Thursday, August 29th, 2002

Memetic Life has a collection of really bad metaphors allegedly from US High School essays.

The Computer can read your mind

Tuesday, August 27th, 2002

Either that, or it’s got speech recognition you didn’t know it had. Try this ESP Experiment!

No thinking traitorous thoughts, comrade. The Computer is your friend! Thanks to Twylyte on Dreamlyrics for the link.

20 Favourite Albums: Part 2

Tuesday, August 27th, 2002

Here’s the next five of my Nick Hornby-like list of 20 favourite albums.

Dream Theater - Metropolis II: Scenes from a Memory

Dream Theater are the pack leaders of the prog-metal scene.
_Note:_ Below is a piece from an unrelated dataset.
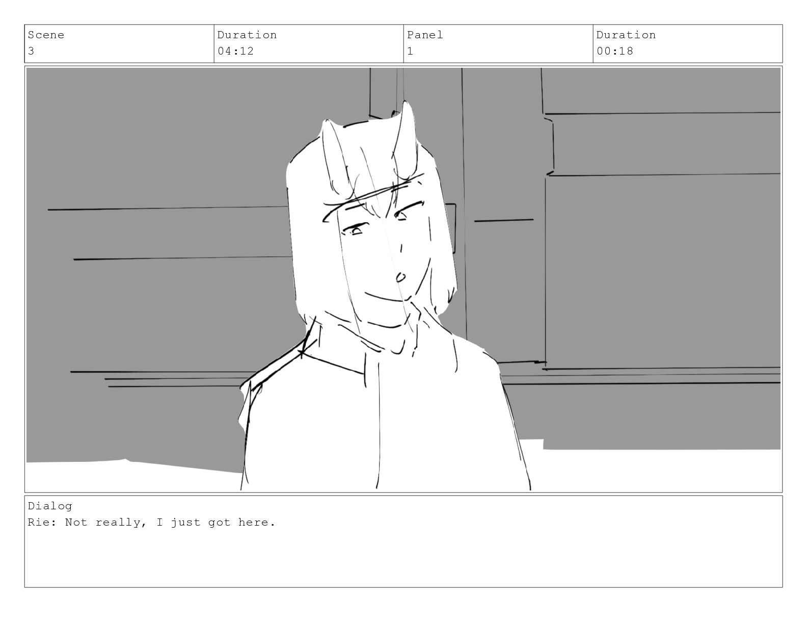 Scene 3 Duration 04:12 Panel 1 Duration 00:18 Dialog Rie:

Earlier albums such as “Images and Words” showed they had the chops, even though some of the songs turned into poorly-structured jams. They progressed through the darker and heavier “Awake”, and the tighter, more radio-friendly “Falling Into Infinity”. Their masterpiece, “Metropolis II” combines the best elements of these three preceding albums, and shows how they’ve developed compositional and arrangement skills to match their undoubted instrumental virtuosity. It goes without saying that this is a concept album, the theme being memories of past lives, and a murder mystery.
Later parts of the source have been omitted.